May 21, 2020 — On a recent locked-down day, cars snaked nose-to-tail through downtown. The destination: a seafood “shop,” popped up on a local commercial fishing wharf. For those who made it in time, $15 bought a pound of scallops, or two pounds of haddock, fresh caught, and delivered in vacuum-sealed bags to the car window, exact change please. For the city’s hard-hit fisher folk, here was a rare bit of good news. The pandemic’s shuttering of restaurants has left those who fish, scallop, clam, and lobster for a living without a major market. Boats are docked, crewmembers let go, pain rippling through a web of marine-related businesses.

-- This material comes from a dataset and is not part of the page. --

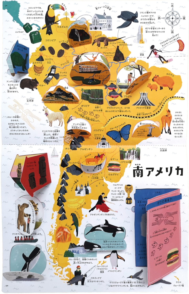全ページに子どもが大好きな「しかけとびら」があり、各エリアのトリビアやクイズを掲載。たくさんのイラストとカラフルな地図で世界の姿、各地の特色、動物、歴史など、盛りだくさん!飽きずに読み進めることができます。

“A whole big system is falling apart. It’s not just the fishermen but the people who support them,” says Donna Marshall. Marshall heads up Cape Ann Fresh Catch, like a community-supported agriculture (CSA) program, but for local seafood. These days her group is dropping off locally caught haddock, hake, cusk, and lobster to customers’ doorsteps. The work of turning whole fish into neat fillets is being done by laid-off workers from area restaurants, the only paying work they have right now.

Homegrown efforts to keep people in local fish can’t match the collapse of an industry; direct-to-consumer sales are a small fraction of what fishermen sell to restaurants. Still, the seaside solidarity that the crisis has brought to Gloucester matters. “You’re paying your neighbor’s mortgage,” Marshall says. “This person has a family. It’s not some faceless conglomerate.”